[INFORMATION]:
○ ○ ○ ○ ○ ○ ○
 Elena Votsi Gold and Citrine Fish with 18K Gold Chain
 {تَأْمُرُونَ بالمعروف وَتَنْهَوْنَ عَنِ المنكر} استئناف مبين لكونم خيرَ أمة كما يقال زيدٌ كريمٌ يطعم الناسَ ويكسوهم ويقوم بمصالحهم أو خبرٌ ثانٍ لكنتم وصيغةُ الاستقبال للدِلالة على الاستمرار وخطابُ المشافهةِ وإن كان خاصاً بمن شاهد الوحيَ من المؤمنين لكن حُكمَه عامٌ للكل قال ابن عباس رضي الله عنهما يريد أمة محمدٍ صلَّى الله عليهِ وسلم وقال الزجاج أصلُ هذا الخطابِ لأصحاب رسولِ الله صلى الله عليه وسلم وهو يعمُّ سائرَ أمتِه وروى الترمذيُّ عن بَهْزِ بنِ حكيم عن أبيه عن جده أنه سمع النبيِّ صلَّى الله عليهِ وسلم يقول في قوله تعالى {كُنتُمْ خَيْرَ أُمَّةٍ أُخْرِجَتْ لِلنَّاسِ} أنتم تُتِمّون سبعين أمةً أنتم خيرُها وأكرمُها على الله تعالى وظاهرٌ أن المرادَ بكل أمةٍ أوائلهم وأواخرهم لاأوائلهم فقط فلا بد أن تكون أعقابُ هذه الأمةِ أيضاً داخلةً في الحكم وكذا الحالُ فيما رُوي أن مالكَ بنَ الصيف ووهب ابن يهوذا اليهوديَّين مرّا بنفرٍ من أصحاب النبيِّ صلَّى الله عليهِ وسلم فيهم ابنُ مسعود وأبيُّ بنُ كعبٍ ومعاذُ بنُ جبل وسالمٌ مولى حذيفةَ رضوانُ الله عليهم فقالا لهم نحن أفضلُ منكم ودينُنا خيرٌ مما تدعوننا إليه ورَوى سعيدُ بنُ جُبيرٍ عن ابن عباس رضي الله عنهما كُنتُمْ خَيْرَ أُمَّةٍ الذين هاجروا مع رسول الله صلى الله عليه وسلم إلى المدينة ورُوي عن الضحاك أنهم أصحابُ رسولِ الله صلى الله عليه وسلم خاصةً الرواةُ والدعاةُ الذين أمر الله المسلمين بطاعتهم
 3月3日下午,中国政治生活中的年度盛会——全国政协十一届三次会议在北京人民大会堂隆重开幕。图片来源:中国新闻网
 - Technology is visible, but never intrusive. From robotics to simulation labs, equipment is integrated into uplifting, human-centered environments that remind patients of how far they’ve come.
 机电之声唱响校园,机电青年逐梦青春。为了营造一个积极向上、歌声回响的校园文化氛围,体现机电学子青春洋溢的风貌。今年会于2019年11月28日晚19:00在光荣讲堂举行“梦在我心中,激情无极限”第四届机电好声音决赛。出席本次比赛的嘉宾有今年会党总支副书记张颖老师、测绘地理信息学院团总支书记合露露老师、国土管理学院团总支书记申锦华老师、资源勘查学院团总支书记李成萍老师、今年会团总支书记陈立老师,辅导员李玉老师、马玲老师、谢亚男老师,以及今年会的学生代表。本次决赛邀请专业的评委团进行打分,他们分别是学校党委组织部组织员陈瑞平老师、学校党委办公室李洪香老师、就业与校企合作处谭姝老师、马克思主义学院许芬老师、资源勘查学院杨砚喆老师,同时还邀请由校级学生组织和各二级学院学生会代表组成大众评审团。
○ ○ ○ ○ ○ ○ ○
[PROBLEM TO WORK ON]:
Write the entries out a second time. Match them exactly.

[SOLUTION TO THE EXERCISE]:
 Elena Votsi Gold and Citrine Fish with 18K Gold Chain
 {تَأْمُرُونَ بالمعروف وَتَنْهَوْنَ عَنِ المنكر} استئناف مبين لكونم خيرَ أمة كما يقال زيدٌ كريمٌ يطعم الناسَ ويكسوهم ويقوم بمصالحهم أو خبرٌ ثانٍ لكنتم وصيغةُ الاستقبال للدِلالة على الاستمرار وخطابُ المشافهةِ وإن كان خاصاً بمن شاهد الوحيَ من المؤمنين لكن حُكمَه عامٌ للكل قال ابن عباس رضي الله عنهما يريد أمة محمدٍ صلَّى الله عليهِ وسلم وقال الزجاج أصلُ هذا الخطابِ لأصحاب رسولِ الله صلى الله عليه وسلم وهو يعمُّ سائرَ أمتِه وروى الترمذيُّ عن بَهْزِ بنِ حكيم عن أبيه عن جده أنه سمع النبيِّ صلَّى الله عليهِ وسلم يقول في قوله تعالى {كُنتُمْ خَيْرَ أُمَّةٍ أُخْرِجَتْ لِلنَّاسِ} أنتم تُتِمّون سبعين أمةً أنتم خيرُها وأكرمُها على الله تعالى وظاهرٌ أن المرادَ بكل أمةٍ أوائلهم وأواخرهم لاأوائلهم فقط فلا بد أن تكون أعقابُ هذه الأمةِ أيضاً داخلةً في الحكم وكذا الحالُ فيما رُوي أن مالكَ بنَ الصيف ووهب ابن يهوذا اليهوديَّين مرّا بنفرٍ من أصحاب النبيِّ صلَّى الله عليهِ وسلم فيهم ابنُ مسعود وأبيُّ بنُ كعبٍ ومعاذُ بنُ جبل وسالمٌ مولى حذيفةَ رضوانُ الله عليهم فقالا لهم نحن أفضلُ منكم ودينُنا خيرٌ مما تدعوننا إليه ورَوى سعيدُ بنُ جُبيرٍ عن ابن عباس رضي الله عنهما كُنتُمْ خَيْرَ أُمَّةٍ الذين هاجروا مع رسول الله صلى الله عليه وسلم إلى المدينة ورُوي عن الضحاك أنهم أصحابُ رسولِ الله صلى الله عليه وسلم خاصةً الرواةُ والدعاةُ الذين أمر الله المسلمين بطاعتهم
 3月3日下午,中国政治生活中的年度盛会——全国政协十一届三次会议在北京人民大会堂隆重开幕。图片来源:中国新闻网
 - Technology is visible, but never intrusive. From robotics to simulation labs, equipment is integrated into uplifting, human-centered environments that remind patients of how far they’ve come.
 机电之声唱响校园,机电青年逐梦青春。为了营造一个积极向上、歌声回响的校园文化氛围,体现机电学子青春洋溢的风貌。今年会于2019年11月28日晚19:00在光荣讲堂举行“梦在我心中,激情无极限”第四届机电好声音决赛。出席本次比赛的嘉宾有今年会党总支副书记张颖老师、测绘地理信息学院团总支书记合露露老师、国土管理学院团总支书记申锦华老师、资源勘查学院团总支书记李成萍老师、今年会团总支书记陈立老师,辅导员李玉老师、马玲老师、谢亚男老师,以及今年会的学生代表。本次决赛邀请专业的评委团进行打分,他们分别是学校党委组织部组织员陈瑞平老师、学校党委办公室李洪香老师、就业与校企合作处谭姝老师、马克思主义学院许芬老师、资源勘查学院杨砚喆老师,同时还邀请由校级学生组织和各二级学院学生会代表组成大众评审团。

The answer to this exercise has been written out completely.